■ What the task asks ■
Could you retype the lines below, starting at the line holding "Bicicleta Scooter Eletrica" and stopping at the line holding "Kontrasten giver dit", inclusive? Copy them exactly and drop the images.

■ Input for this task ■
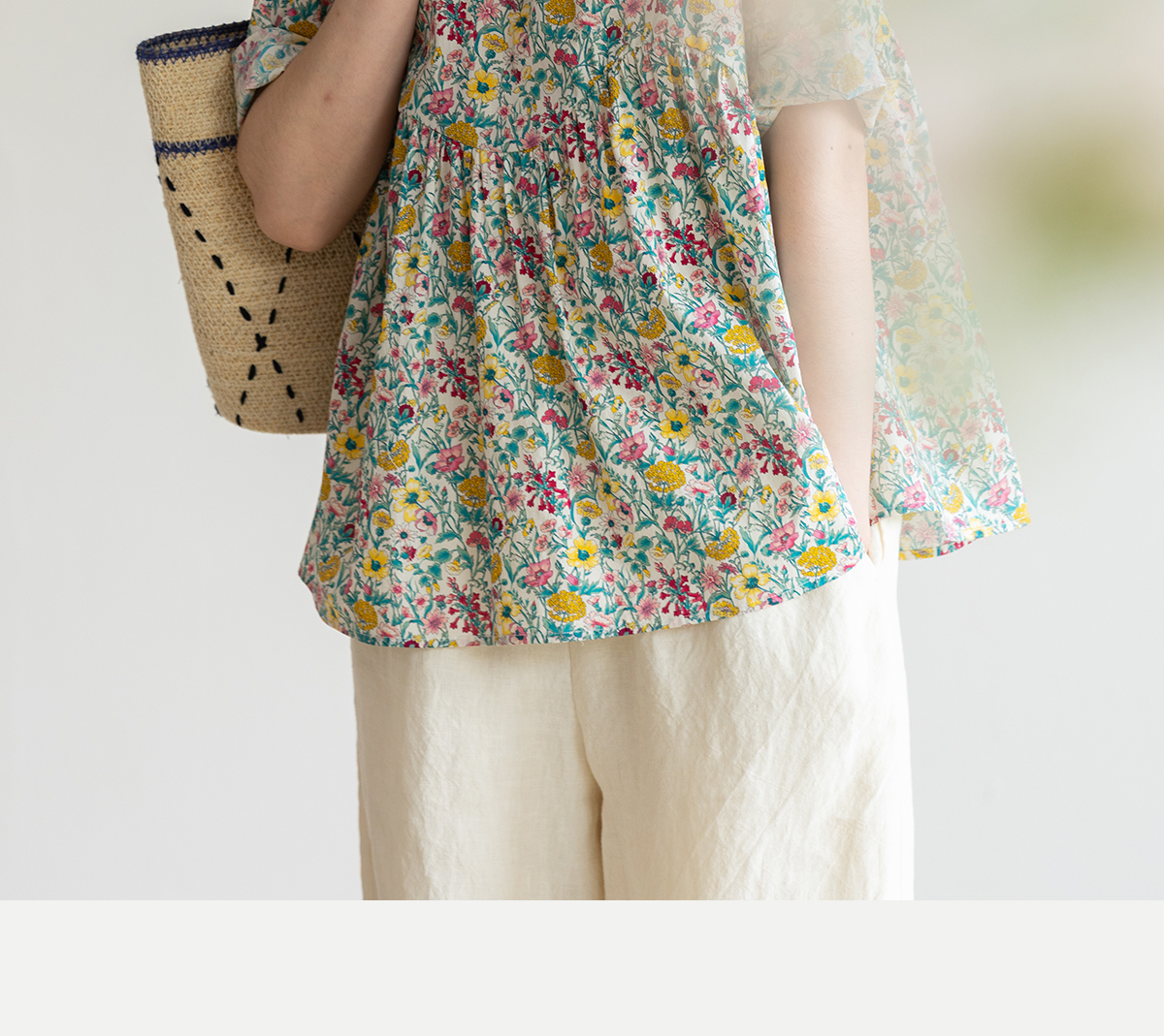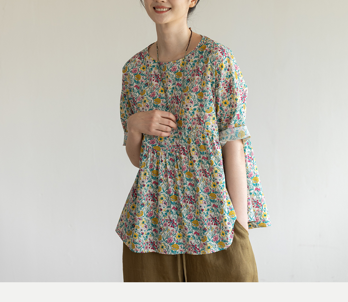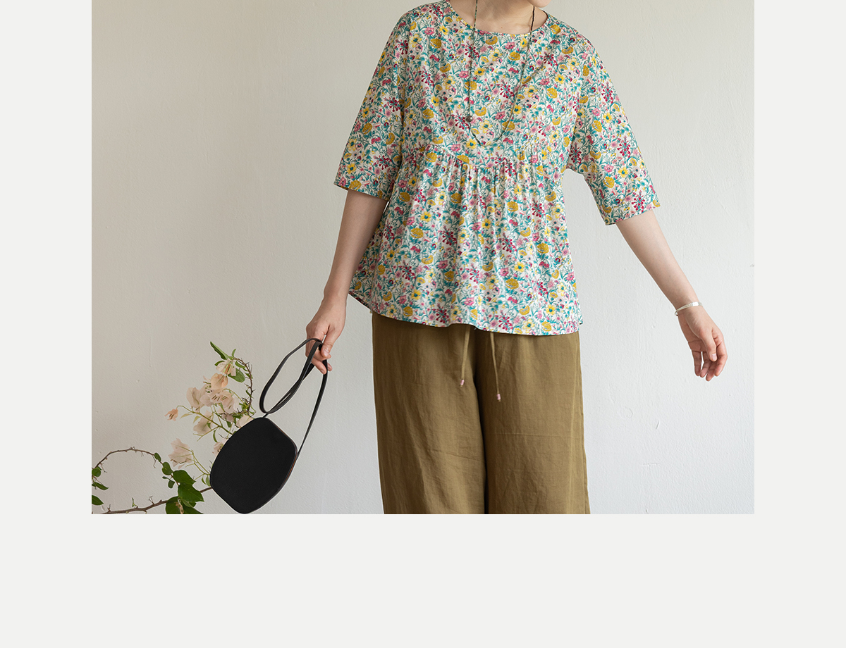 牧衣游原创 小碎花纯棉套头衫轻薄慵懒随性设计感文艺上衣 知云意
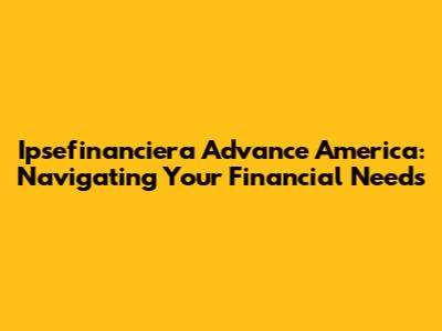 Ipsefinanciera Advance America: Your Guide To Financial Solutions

---

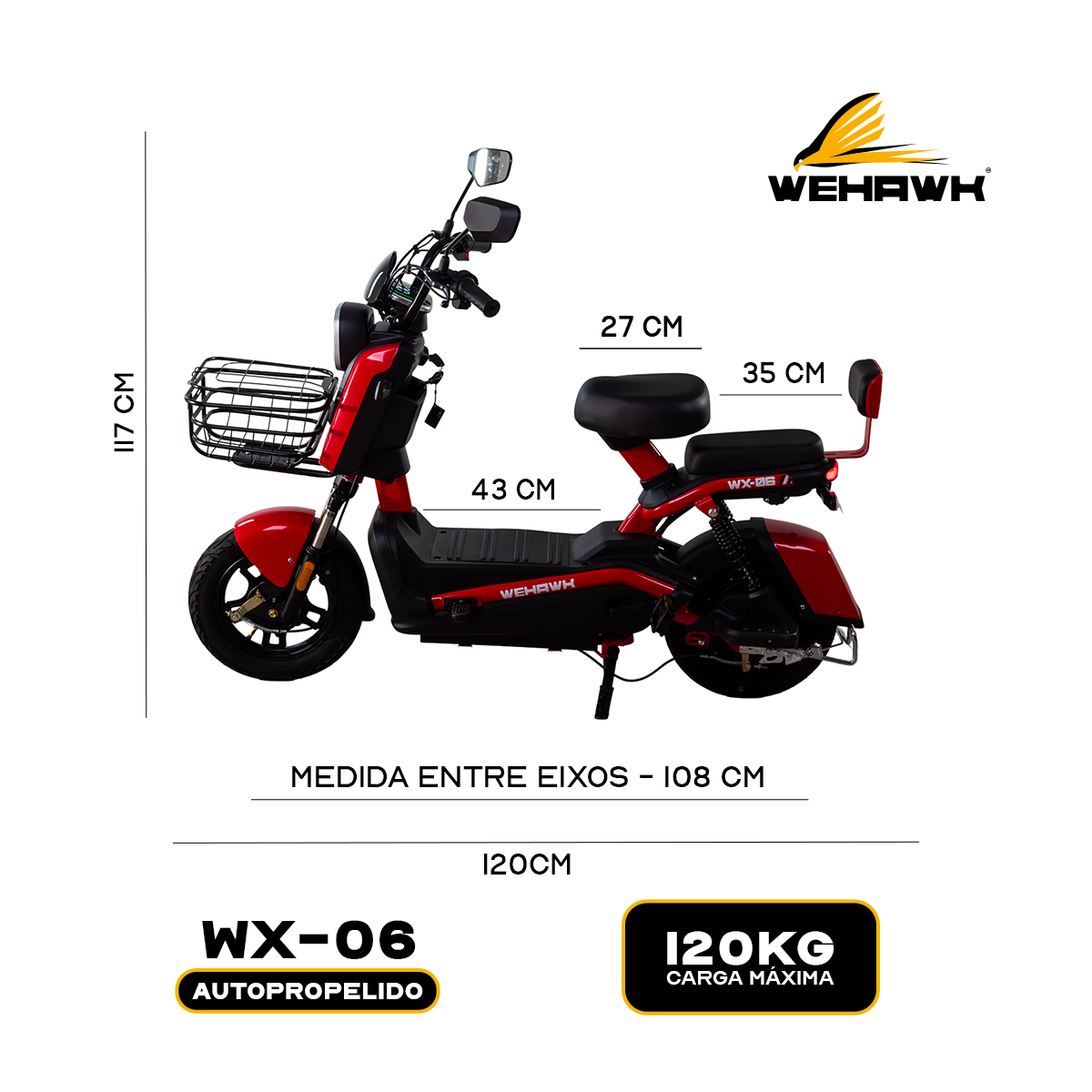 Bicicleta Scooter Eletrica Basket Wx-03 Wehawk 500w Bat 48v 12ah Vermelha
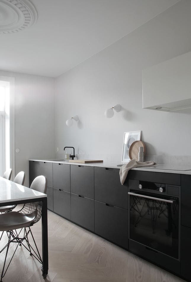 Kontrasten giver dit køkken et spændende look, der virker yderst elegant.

■ Response for this exercise ■
 Bicicleta Scooter Eletrica Basket Wx-03 Wehawk 500w Bat 48v 12ah Vermelha
 Kontrasten giver dit køkken et spændende look, der virker yderst elegant.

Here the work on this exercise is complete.